(EXERCISE BRIEF) For the data below, transcribe the part that opens with the line containing "11.請注意,所有的應用程式" and closes with the line containing "- نمایش تعداد", exactly and with no pictures.

(THE RECORDS)
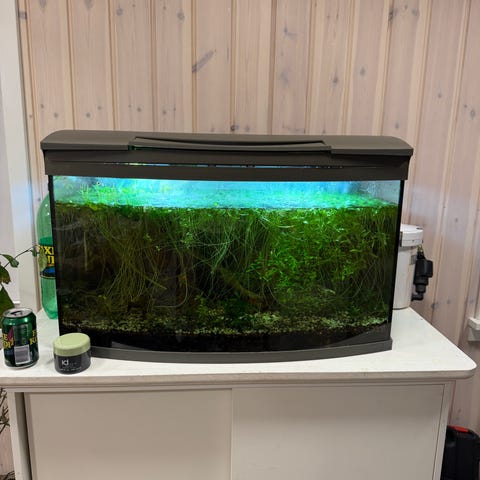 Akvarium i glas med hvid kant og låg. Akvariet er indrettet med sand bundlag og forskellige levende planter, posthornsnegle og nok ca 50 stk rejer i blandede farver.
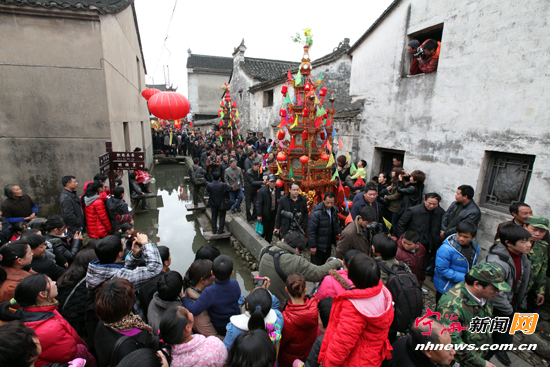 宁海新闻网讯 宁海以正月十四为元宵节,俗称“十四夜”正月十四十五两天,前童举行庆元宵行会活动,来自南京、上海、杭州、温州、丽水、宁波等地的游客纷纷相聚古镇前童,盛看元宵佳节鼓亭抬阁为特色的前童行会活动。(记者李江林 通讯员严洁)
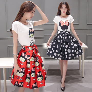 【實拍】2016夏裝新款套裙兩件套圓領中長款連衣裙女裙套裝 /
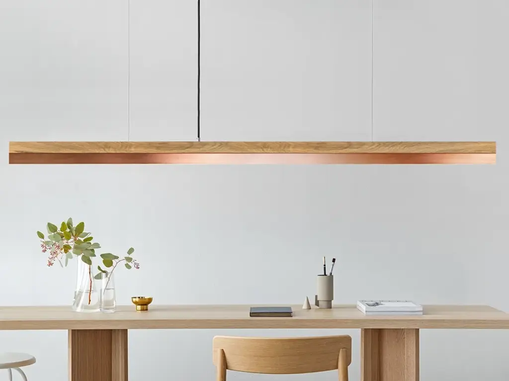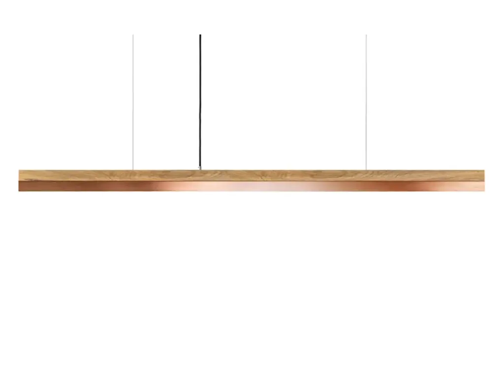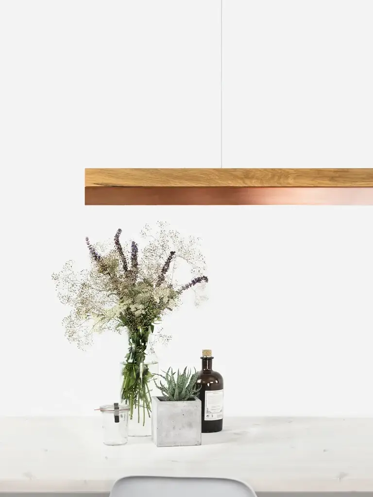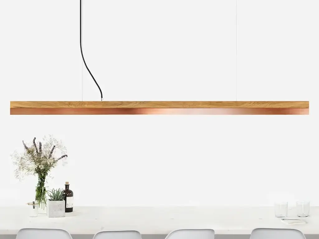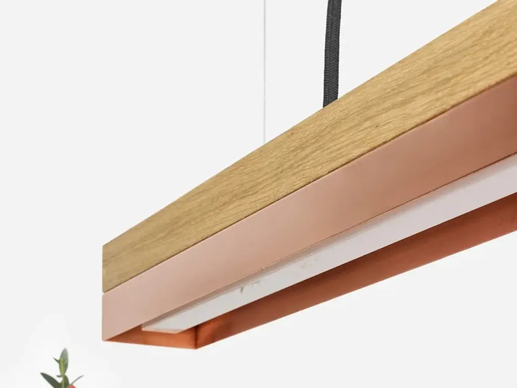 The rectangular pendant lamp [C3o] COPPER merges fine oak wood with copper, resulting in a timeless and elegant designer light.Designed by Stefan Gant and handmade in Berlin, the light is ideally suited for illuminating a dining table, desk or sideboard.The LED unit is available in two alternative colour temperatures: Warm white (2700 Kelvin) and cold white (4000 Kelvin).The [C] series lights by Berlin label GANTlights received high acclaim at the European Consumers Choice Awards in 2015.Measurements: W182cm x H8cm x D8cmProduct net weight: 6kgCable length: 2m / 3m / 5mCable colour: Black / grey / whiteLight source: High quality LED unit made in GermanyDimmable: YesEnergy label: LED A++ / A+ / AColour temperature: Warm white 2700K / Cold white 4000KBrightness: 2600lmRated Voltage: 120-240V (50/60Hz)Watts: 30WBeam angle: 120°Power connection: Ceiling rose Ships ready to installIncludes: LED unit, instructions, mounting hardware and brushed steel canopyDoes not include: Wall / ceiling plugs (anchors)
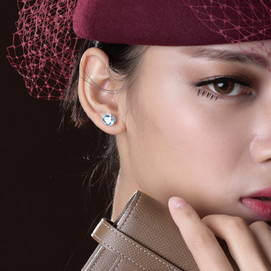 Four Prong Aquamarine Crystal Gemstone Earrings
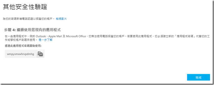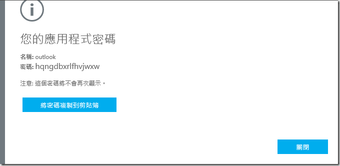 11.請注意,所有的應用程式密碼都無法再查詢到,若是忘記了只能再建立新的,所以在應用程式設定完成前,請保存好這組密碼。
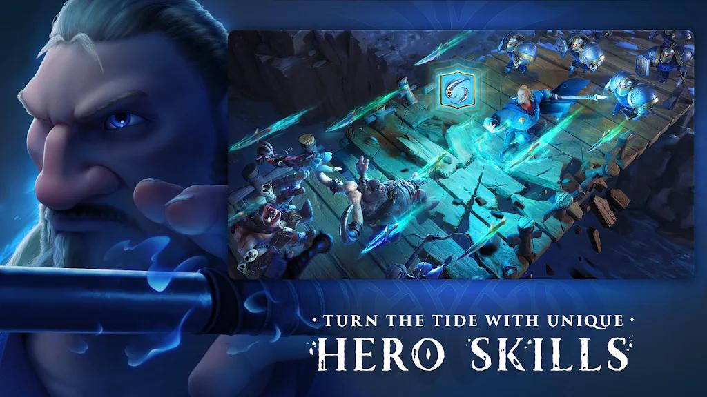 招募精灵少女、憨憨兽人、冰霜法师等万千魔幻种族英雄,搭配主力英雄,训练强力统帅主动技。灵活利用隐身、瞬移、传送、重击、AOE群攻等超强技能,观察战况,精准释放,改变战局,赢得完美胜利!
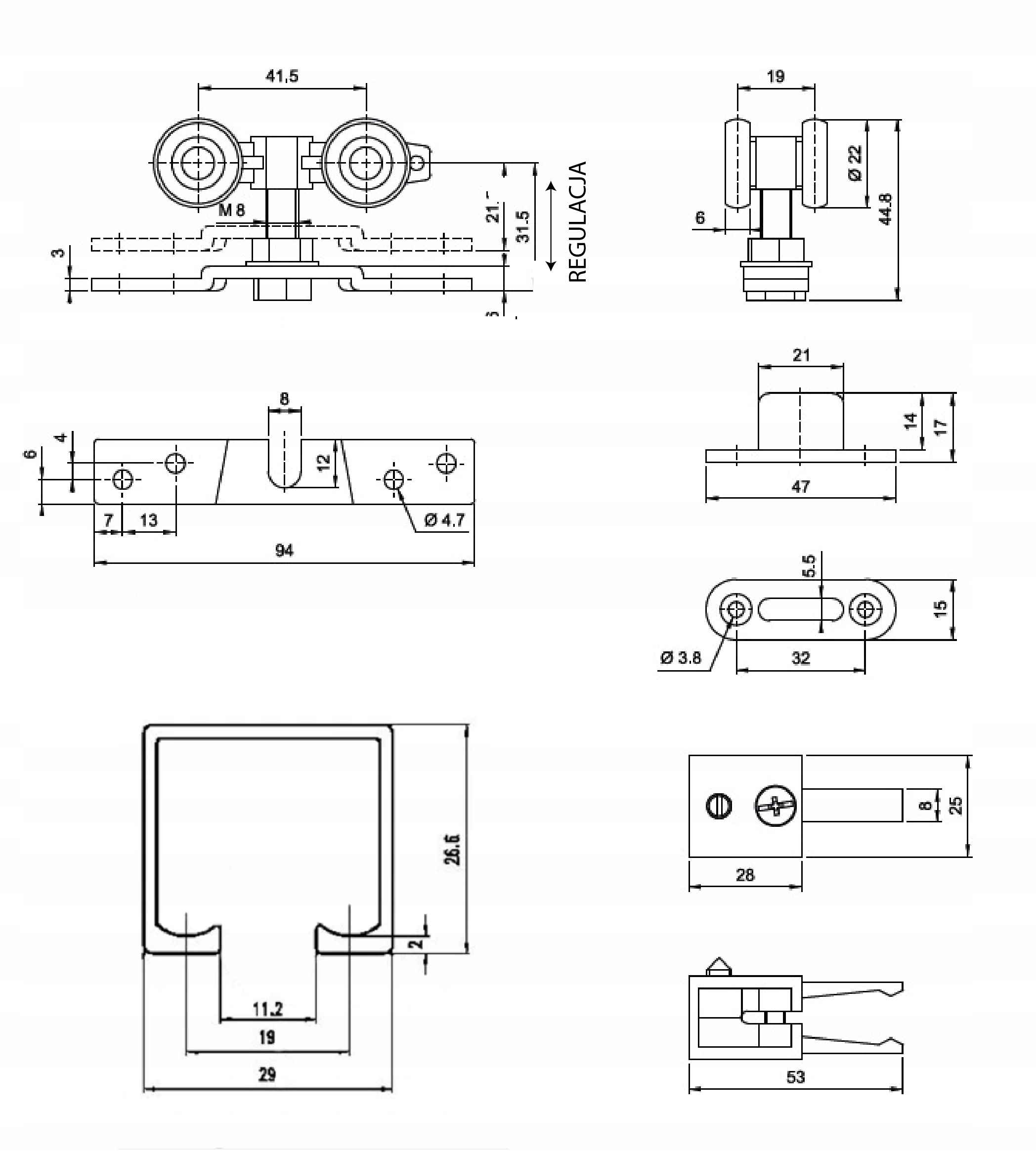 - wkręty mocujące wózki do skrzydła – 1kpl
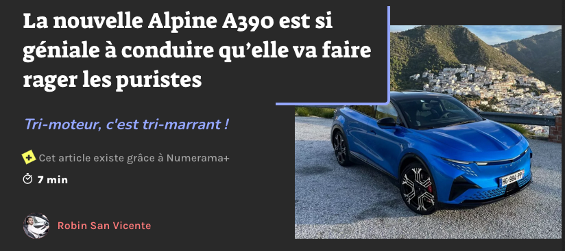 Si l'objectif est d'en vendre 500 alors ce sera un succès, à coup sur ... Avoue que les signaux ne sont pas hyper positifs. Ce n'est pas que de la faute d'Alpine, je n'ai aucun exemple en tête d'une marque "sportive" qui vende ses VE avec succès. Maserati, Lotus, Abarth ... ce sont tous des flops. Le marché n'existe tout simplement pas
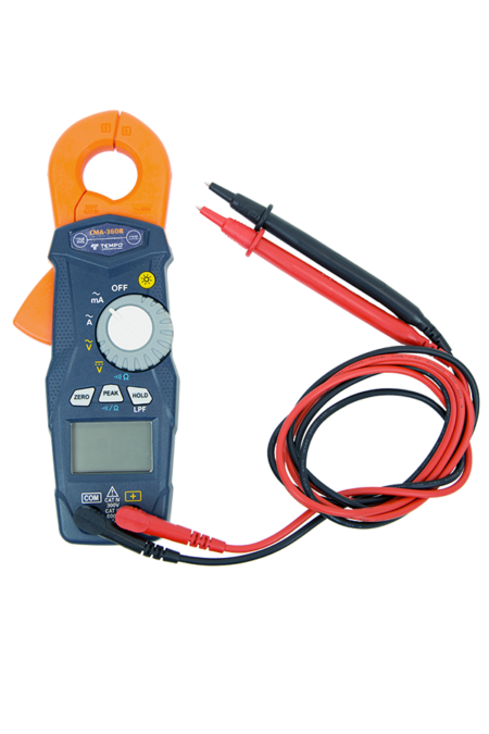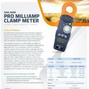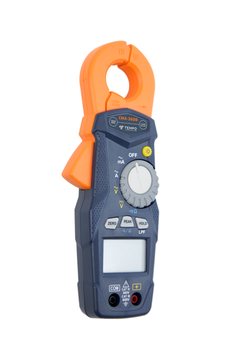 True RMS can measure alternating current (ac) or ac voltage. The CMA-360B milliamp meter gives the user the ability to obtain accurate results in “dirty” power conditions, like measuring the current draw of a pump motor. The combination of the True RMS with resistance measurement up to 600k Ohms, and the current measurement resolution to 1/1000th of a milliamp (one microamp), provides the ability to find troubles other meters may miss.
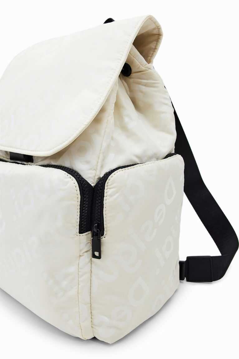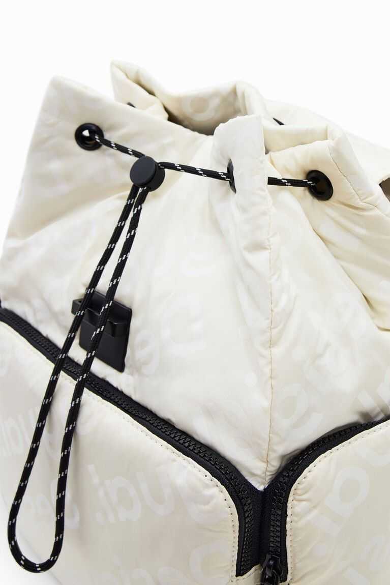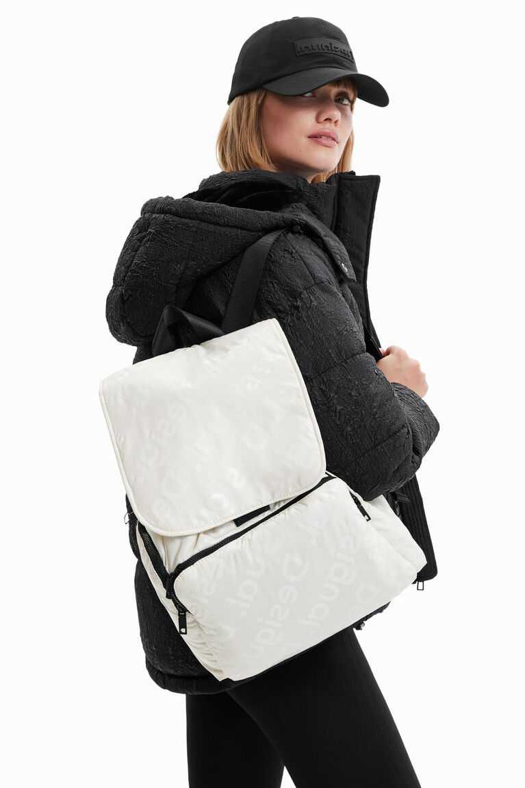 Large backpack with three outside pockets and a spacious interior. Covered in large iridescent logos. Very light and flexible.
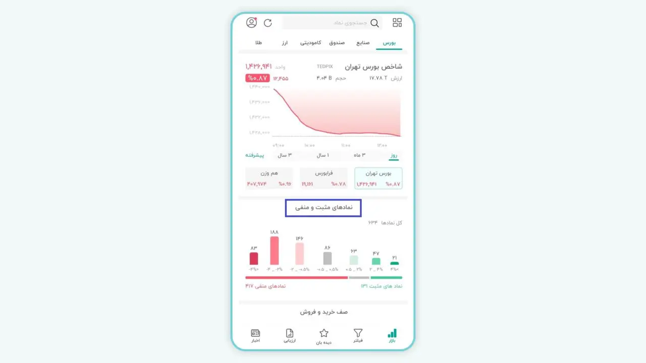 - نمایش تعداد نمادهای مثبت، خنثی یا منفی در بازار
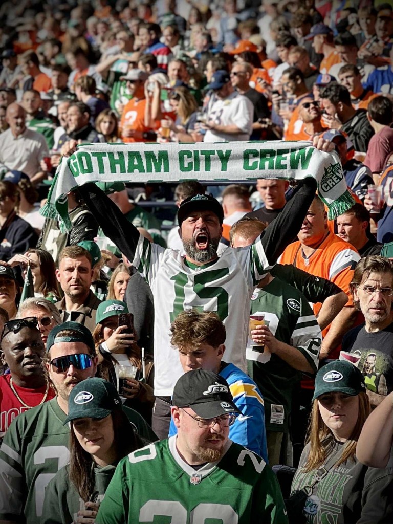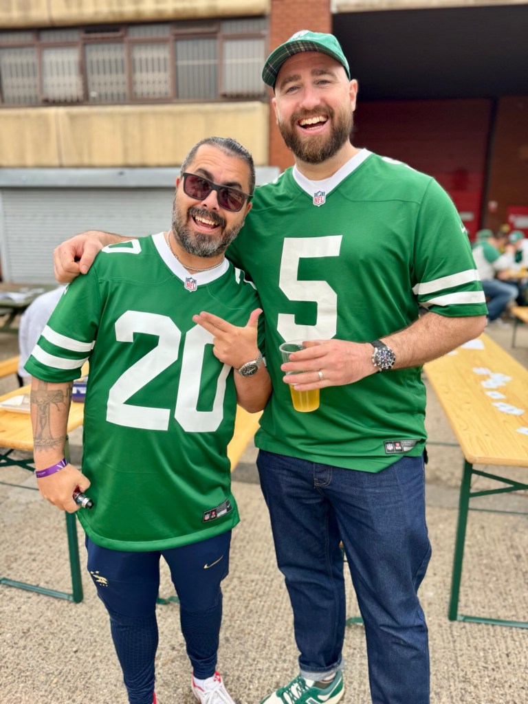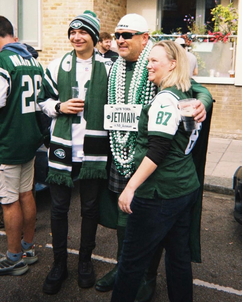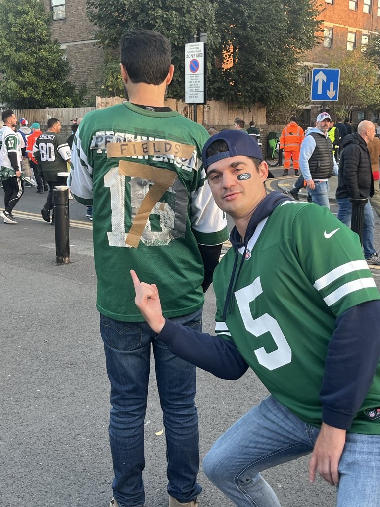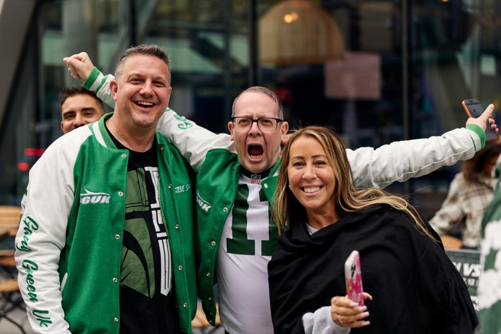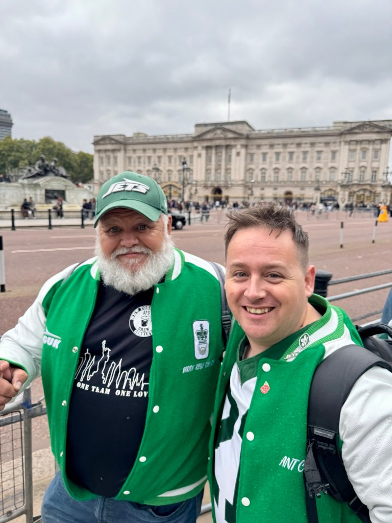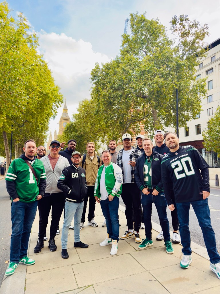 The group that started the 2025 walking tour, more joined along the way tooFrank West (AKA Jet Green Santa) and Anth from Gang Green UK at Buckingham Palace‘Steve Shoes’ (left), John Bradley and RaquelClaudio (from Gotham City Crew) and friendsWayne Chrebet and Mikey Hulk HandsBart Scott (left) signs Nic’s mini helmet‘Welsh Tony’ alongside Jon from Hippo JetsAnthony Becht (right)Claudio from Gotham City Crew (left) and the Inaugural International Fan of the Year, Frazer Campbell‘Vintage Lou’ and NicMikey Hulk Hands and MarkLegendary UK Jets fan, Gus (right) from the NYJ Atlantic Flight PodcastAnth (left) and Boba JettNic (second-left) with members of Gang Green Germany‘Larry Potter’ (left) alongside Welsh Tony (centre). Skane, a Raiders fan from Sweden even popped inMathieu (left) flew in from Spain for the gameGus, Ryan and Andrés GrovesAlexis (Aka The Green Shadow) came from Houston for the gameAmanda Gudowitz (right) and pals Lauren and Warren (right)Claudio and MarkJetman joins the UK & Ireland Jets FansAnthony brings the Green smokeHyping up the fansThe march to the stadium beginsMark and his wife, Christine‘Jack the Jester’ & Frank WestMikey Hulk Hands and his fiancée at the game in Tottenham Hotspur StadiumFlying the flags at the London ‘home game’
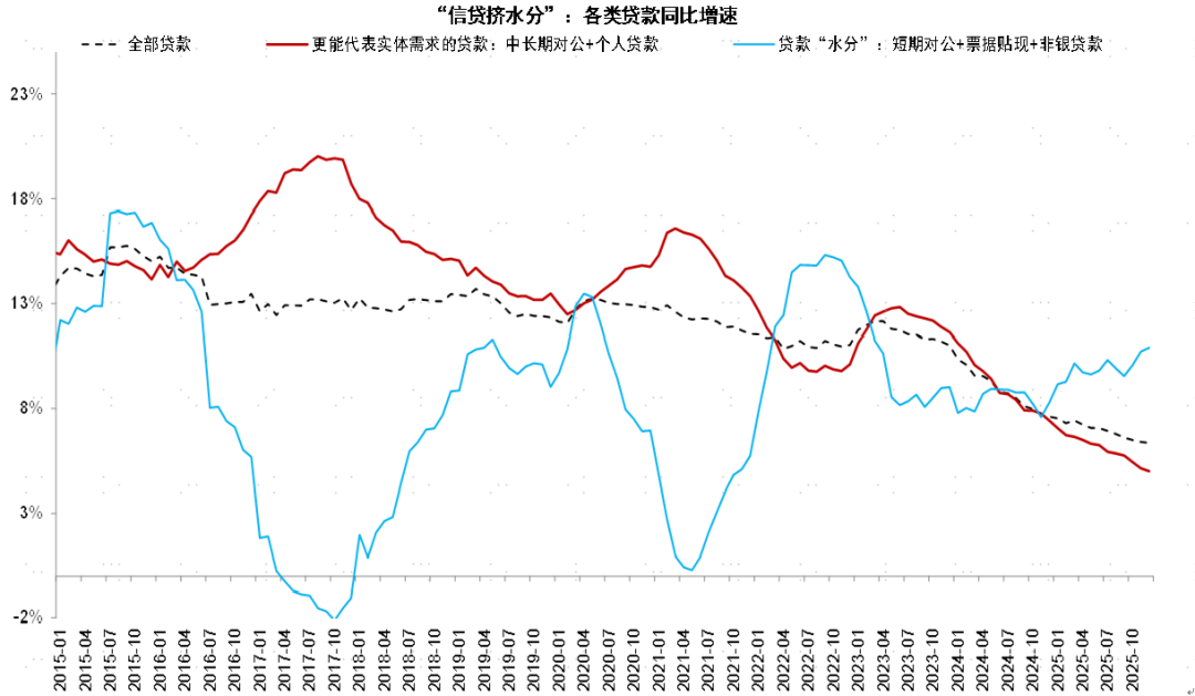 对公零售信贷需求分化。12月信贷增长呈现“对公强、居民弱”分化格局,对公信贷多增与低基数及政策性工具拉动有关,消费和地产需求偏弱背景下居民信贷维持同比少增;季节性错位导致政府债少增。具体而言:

(SOLUTION FOR THIS PROBLEM)
 11.請注意,所有的應用程式密碼都無法再查詢到,若是忘記了只能再建立新的,所以在應用程式設定完成前,請保存好這組密碼。
 招募精灵少女、憨憨兽人、冰霜法师等万千魔幻种族英雄,搭配主力英雄,训练强力统帅主动技。灵活利用隐身、瞬移、传送、重击、AOE群攻等超强技能,观察战况,精准释放,改变战局,赢得完美胜利!
 - wkręty mocujące wózki do skrzydła – 1kpl
 Si l'objectif est d'en vendre 500 alors ce sera un succès, à coup sur ... Avoue que les signaux ne sont pas hyper positifs. Ce n'est pas que de la faute d'Alpine, je n'ai aucun exemple en tête d'une marque "sportive" qui vende ses VE avec succès. Maserati, Lotus, Abarth ... ce sont tous des flops. Le marché n'existe tout simplement pas
 True RMS can measure alternating current (ac) or ac voltage. The CMA-360B milliamp meter gives the user the ability to obtain accurate results in “dirty” power conditions, like measuring the current draw of a pump motor. The combination of the True RMS with resistance measurement up to 600k Ohms, and the current measurement resolution to 1/1000th of a milliamp (one microamp), provides the ability to find troubles other meters may miss.
 Large backpack with three outside pockets and a spacious interior. Covered in large iridescent logos. Very light and flexible.
 - نمایش تعداد نمادهای مثبت، خنثی یا منفی در بازار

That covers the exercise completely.